EXERCISE:
Each line of the listing must be transcribed exactly, except for the images, which should be excluded.
(INFORMATION SUPPLIED Opens)
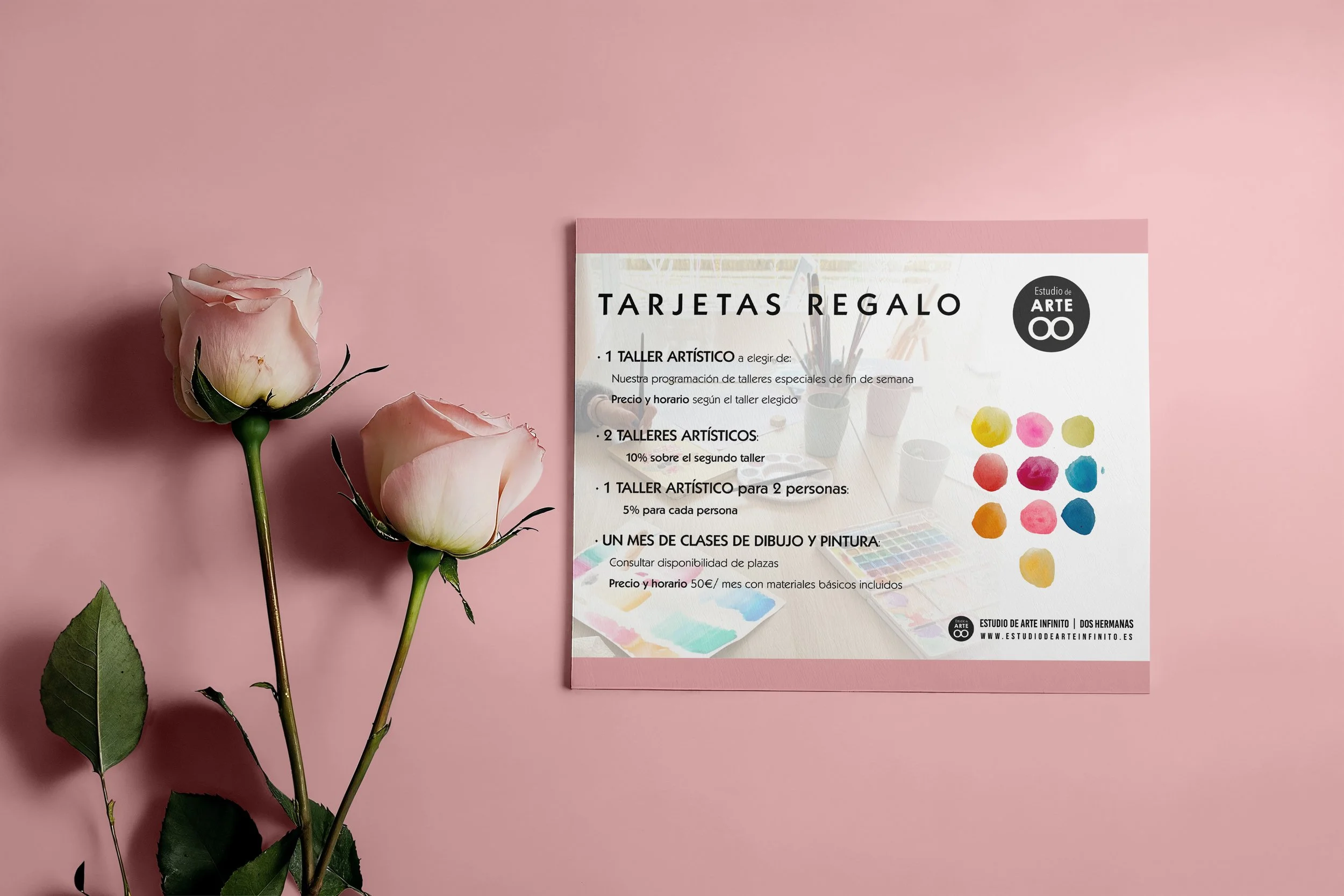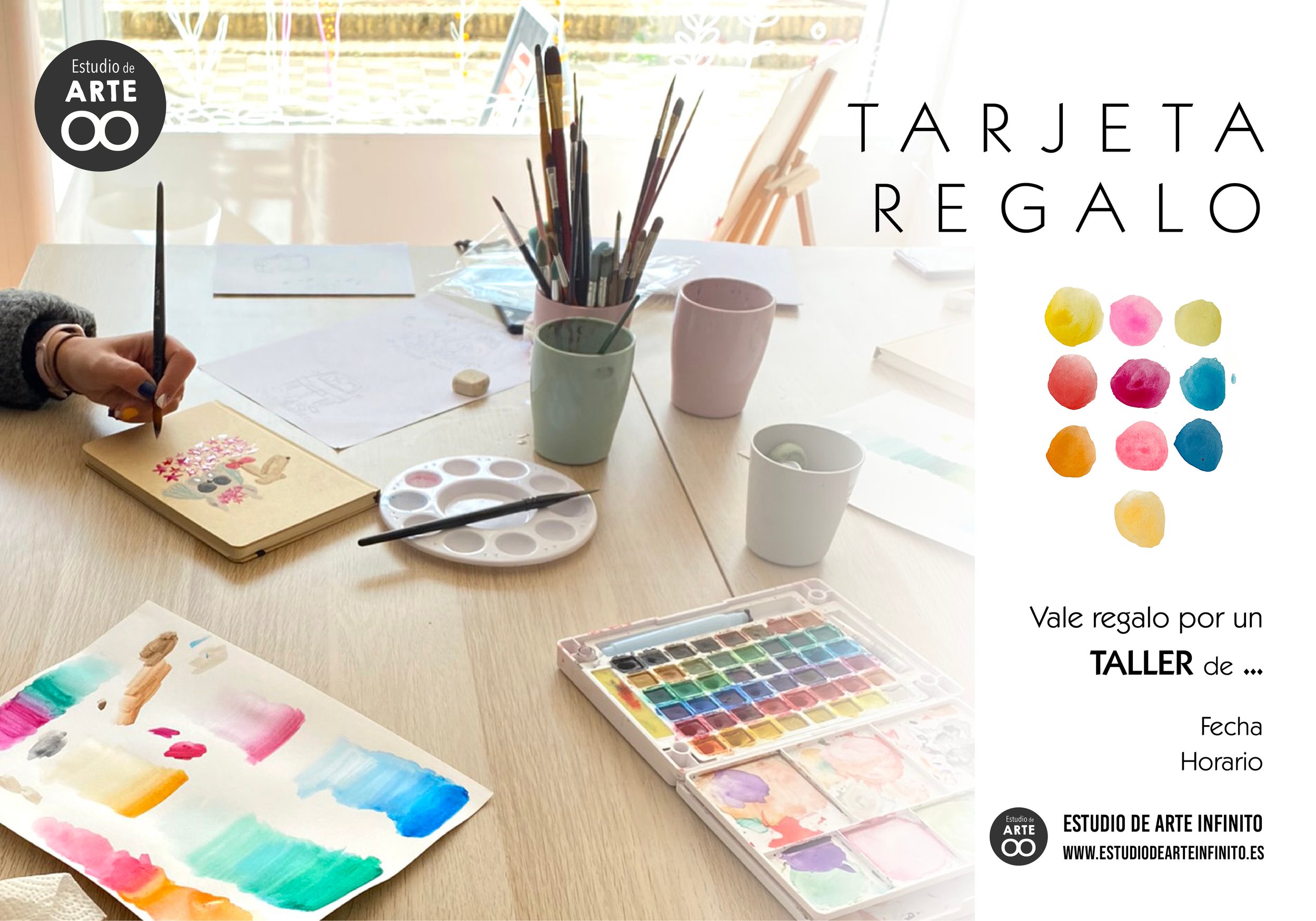 Así será la tarjeta que te entregaremos, con los datos de la persona a la que va dirigida y el taller artístico que desees regalar.
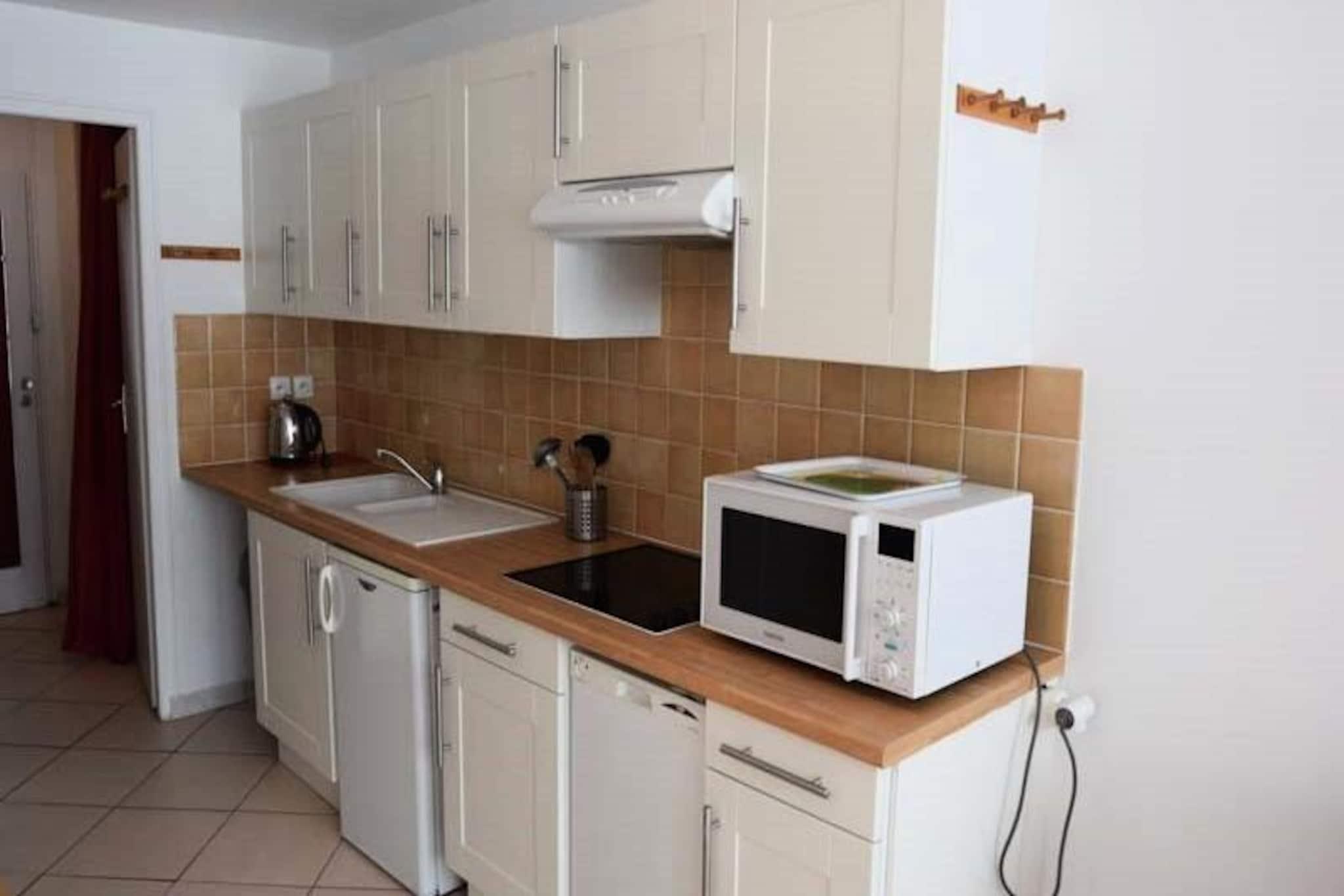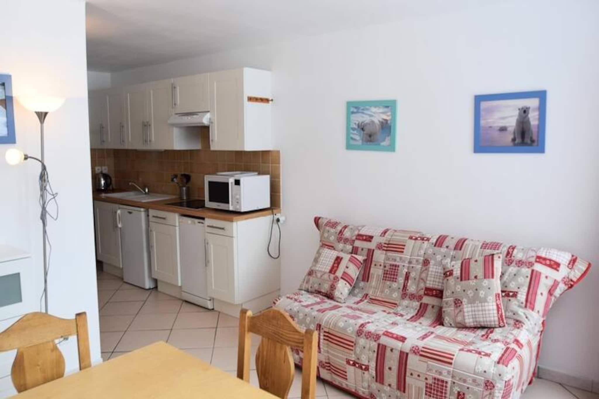 I hjertet af det pulserende Plagne Centre tilbyder denne charmerende lejlighed en unik alpin oplevelse med direkte adgang til pisterne direkte fra din terrasse. Forestil dig at vågne op til den friske bjergluft, træde ud i den sneklædte vidde og begynde din skidag uden forsinkelse. Denne bolig er perfekt beliggende i stueetagen på pistsiden og kombinerer bekvemmelighed med komfort, hvilket gør den til et ideelt valg for par eller små familier, der søger et hyggeligt tilflugtssted midt i de franske alper. Den sydvendte terrasse inviterer dig til at nyde vintersolen, mens du nyder den fredfyldte udsigt over de omkringliggende tinder. \n\nIndenfor er lejligheden omhyggeligt designet til at rumme op til fem gæster. Stuen har en dobbelt sovesofa, en spiseplads og et tv til afslappende aftener efter en dag på pisterne. Det kompakte, men veludstyrede køkken inkluderer keramiske kogeplader, køleskab, mikrobølgeovn, opvaskemaskine og kaffemaskine, der sikrer, at alle dine kulinariske behov bliver opfyldt. En separat kabine tilbyder køjesenge og en skuffeseng, der giver en hyggelig soveplads til børn eller venner. Badeværelset har et badekar, perfekt til afslapning, og et separat toilet bidrager til den praktiske planløsning. \n\nTræd udenfor og oplev bekvemmelighederne ved Plagne Centre. Fra skibokse til dagplejefaciliteter er alt hvad du behøver kun få øjeblikke væk. Boligen er forbundet med indkøbscenteret og tilbyder nem adgang til restauranter, butikker og afterski-aktiviteter. Uanset om du er her for at stå på ski, udforske eller bare slappe af, sikrer beliggenheden, at du er i hjertet af begivenhederne. \n\nDenne lejlighed er mere end bare et sted at bo; den er en port til uforglemmelige alpine eventyr. Med sin uovertrufne beliggenhed, hyggelige faciliteter og direkte adgang til pisterne lover den en ferie fyldt med komfort, spænding og varige minder.
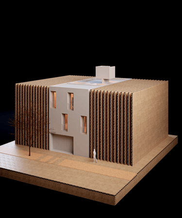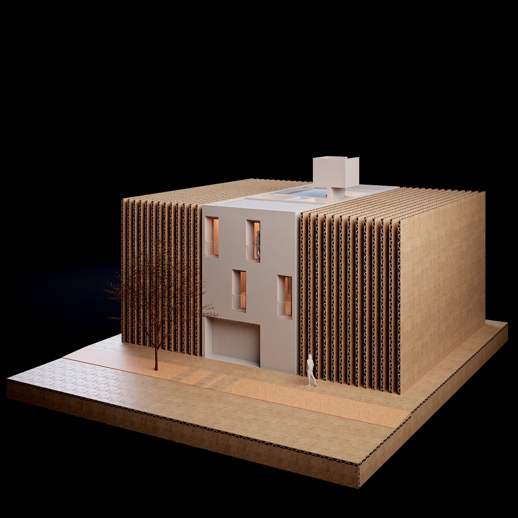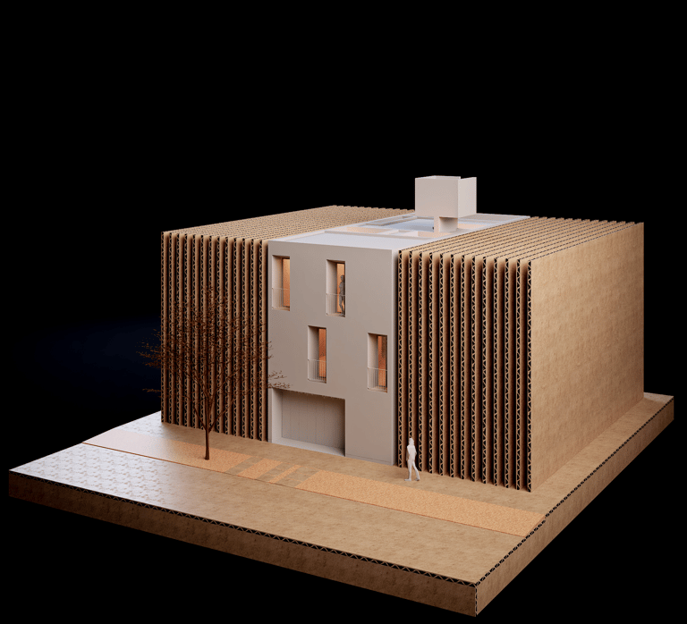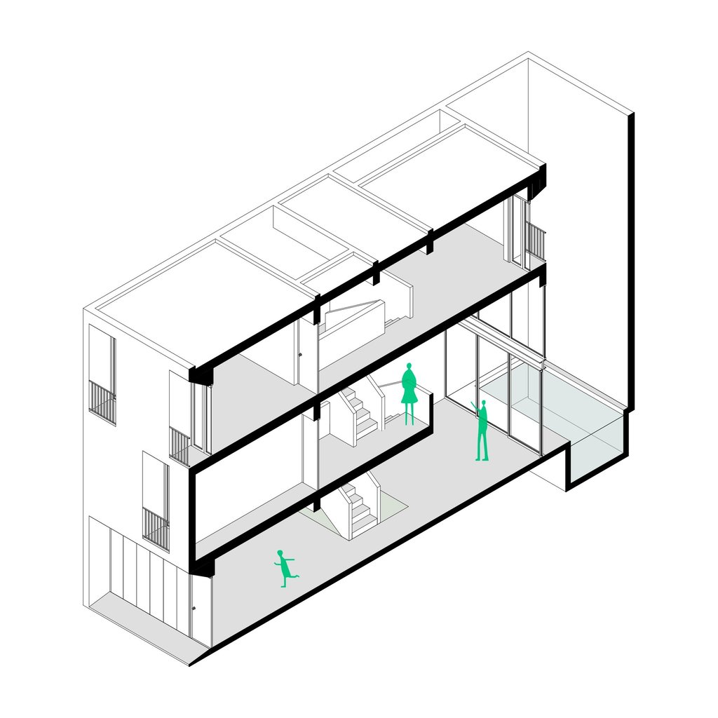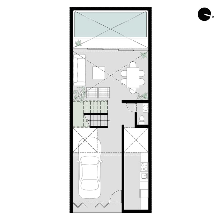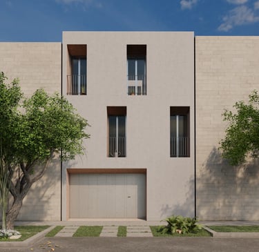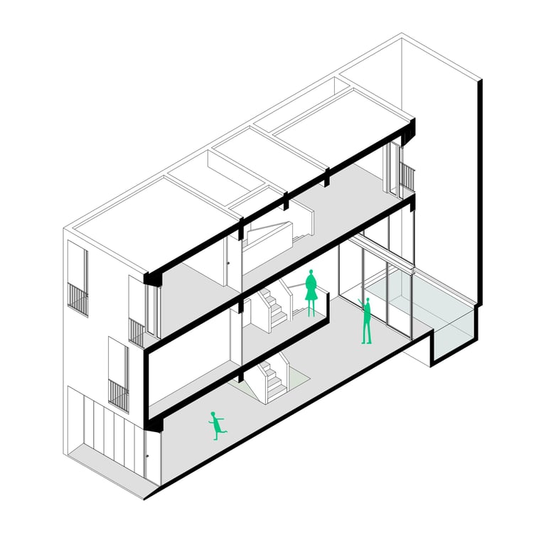 Vivienda temporal desarrollada en tres niveles sobre un lote de 90 m², concebida como un refugio que enfatiza la dualidad interior–exterior: una envolvente cerrada hacia el exterior y una fluidez espacial en el interior.
(INFORMATION SUPPLIED Closes)
TASK ANSWER:
 Así será la tarjeta que te entregaremos, con los datos de la persona a la que va dirigida y el taller artístico que desees regalar.
 I hjertet af det pulserende Plagne Centre tilbyder denne charmerende lejlighed en unik alpin oplevelse med direkte adgang til pisterne direkte fra din terrasse. Forestil dig at vågne op til den friske bjergluft, træde ud i den sneklædte vidde og begynde din skidag uden forsinkelse. Denne bolig er perfekt beliggende i stueetagen på pistsiden og kombinerer bekvemmelighed med komfort, hvilket gør den til et ideelt valg for par eller små familier, der søger et hyggeligt tilflugtssted midt i de franske alper. Den sydvendte terrasse inviterer dig til at nyde vintersolen, mens du nyder den fredfyldte udsigt over de omkringliggende tinder. \n\nIndenfor er lejligheden omhyggeligt designet til at rumme op til fem gæster. Stuen har en dobbelt sovesofa, en spiseplads og et tv til afslappende aftener efter en dag på pisterne. Det kompakte, men veludstyrede køkken inkluderer keramiske kogeplader, køleskab, mikrobølgeovn, opvaskemaskine og kaffemaskine, der sikrer, at alle dine kulinariske behov bliver opfyldt. En separat kabine tilbyder køjesenge og en skuffeseng, der giver en hyggelig soveplads til børn eller venner. Badeværelset har et badekar, perfekt til afslapning, og et separat toilet bidrager til den praktiske planløsning. \n\nTræd udenfor og oplev bekvemmelighederne ved Plagne Centre. Fra skibokse til dagplejefaciliteter er alt hvad du behøver kun få øjeblikke væk. Boligen er forbundet med indkøbscenteret og tilbyder nem adgang til restauranter, butikker og afterski-aktiviteter. Uanset om du er her for at stå på ski, udforske eller bare slappe af, sikrer beliggenheden, at du er i hjertet af begivenhederne. \n\nDenne lejlighed er mere end bare et sted at bo; den er en port til uforglemmelige alpine eventyr. Med sin uovertrufne beliggenhed, hyggelige faciliteter og direkte adgang til pisterne lover den en ferie fyldt med komfort, spænding og varige minder.
 Vivienda temporal desarrollada en tres niveles sobre un lote de 90 m², concebida como un refugio que enfatiza la dualidad interior–exterior: una envolvente cerrada hacia el exterior y una fluidez espacial en el interior.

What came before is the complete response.